*TASK INSTRUCTIONS*. Word for word, copy the data that follows and skip its pictures.

Segment Start: RECORDS TO USE

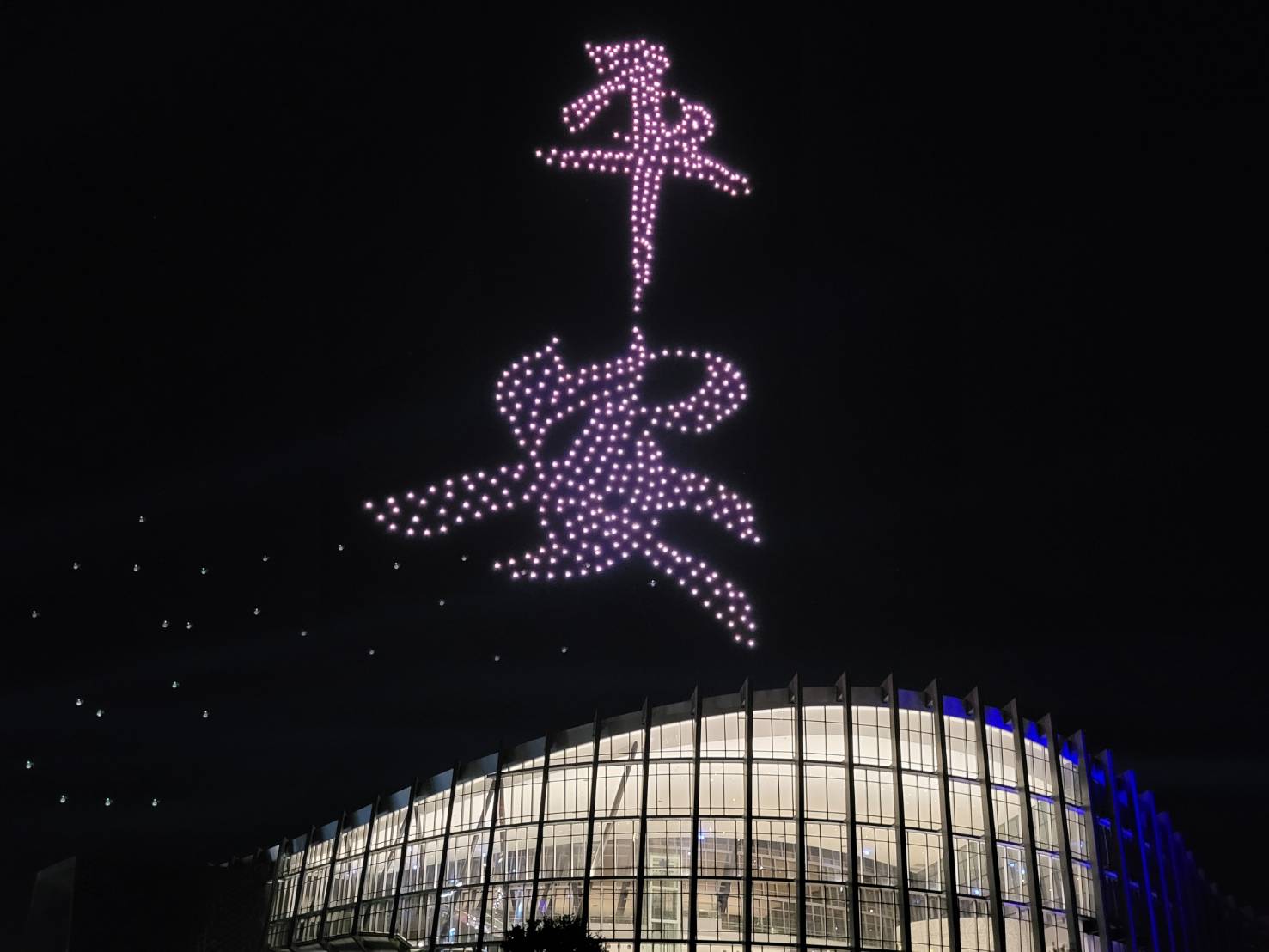 故宮南院表示,近年來無人機群飛展演獲得熱烈迴響,今年度展演共有4場,表演陣容從去年300架升級為500架,並配合人氣國寶展,在夜空中排出人氣國寶圖式。此次展演以故宮南院建築圖騰「龍」為主題,以「明 永樂 青花穿蓮龍紋天球瓶」的「龍首」為開場,以祥龍獻瑞,賜福大地。接續呈現「掐絲琺瑯番蓮紋瓶」、「玉龍紋盤」及「故宮院徽」等圖式,展演最後以王羲之「平安何如奉橘三帖」中的「平安」二字及「天燈」壓軸,代表故宮祝福大家吉祥平安。
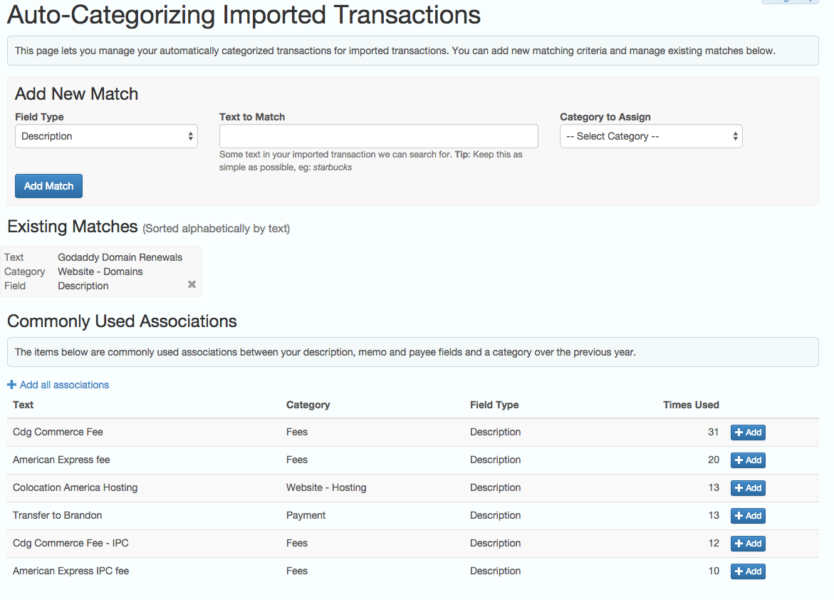 Automatic categorization of imported transactions |
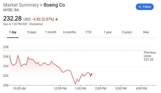 波音股价在午后交易中下跌超过2%,而标准普尔500指数上涨0.7%。
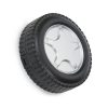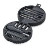 Kit ferramenta 20 peças com estojo formato pneu em plástico resistente. Pneu preto com aro prata, possui trava lateral.
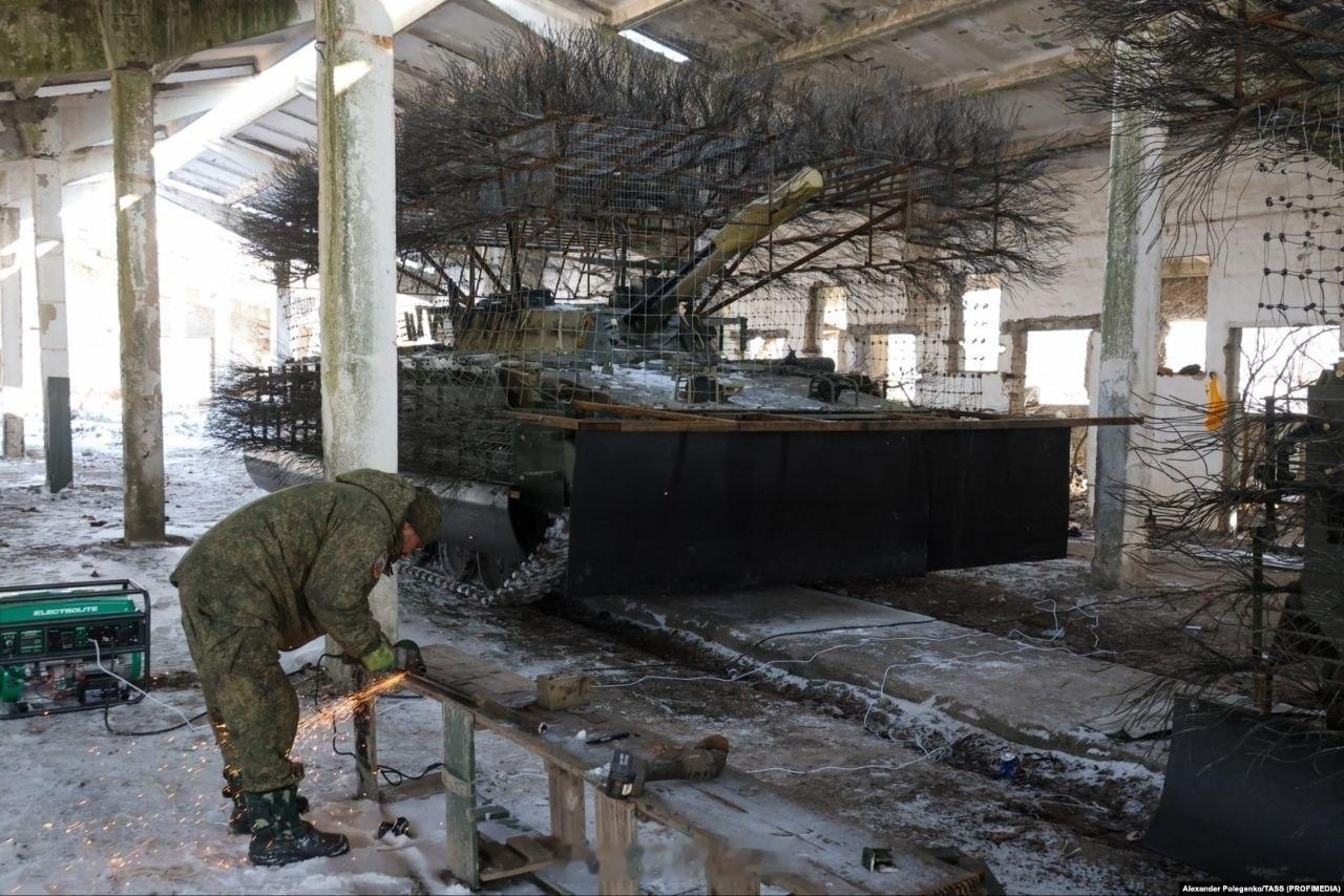 俄军疯狂的麦克斯版BMP-3步兵战车,安装了附加装甲套件,顶棚、车顶钢缆束、车首的橡胶间隙装甲,以及顶棚周边的金属网。特别是上部的大顶棚、爆反装甲加大量杆子上的“蒲公英”组成的无人机防护体系,整个一个疯狂的麦克斯版。俄军的T-90M主战坦克也是如此装扮。都是无人机给逼的。

Segment End: RECORDS TO USE

*EXPECTED OUTPUT*.
 故宮南院表示,近年來無人機群飛展演獲得熱烈迴響,今年度展演共有4場,表演陣容從去年300架升級為500架,並配合人氣國寶展,在夜空中排出人氣國寶圖式。此次展演以故宮南院建築圖騰「龍」為主題,以「明 永樂 青花穿蓮龍紋天球瓶」的「龍首」為開場,以祥龍獻瑞,賜福大地。接續呈現「掐絲琺瑯番蓮紋瓶」、「玉龍紋盤」及「故宮院徽」等圖式,展演最後以王羲之「平安何如奉橘三帖」中的「平安」二字及「天燈」壓軸,代表故宮祝福大家吉祥平安。
 Automatic categorization of imported transactions |
 波音股价在午后交易中下跌超过2%,而标准普尔500指数上涨0.7%。
 Kit ferramenta 20 peças com estojo formato pneu em plástico resistente. Pneu preto com aro prata, possui trava lateral.
 俄军疯狂的麦克斯版BMP-3步兵战车,安装了附加装甲套件,顶棚、车顶钢缆束、车首的橡胶间隙装甲,以及顶棚周边的金属网。特别是上部的大顶棚、爆反装甲加大量杆子上的“蒲公英”组成的无人机防护体系,整个一个疯狂的麦克斯版。俄军的T-90M主战坦克也是如此装扮。都是无人机给逼的。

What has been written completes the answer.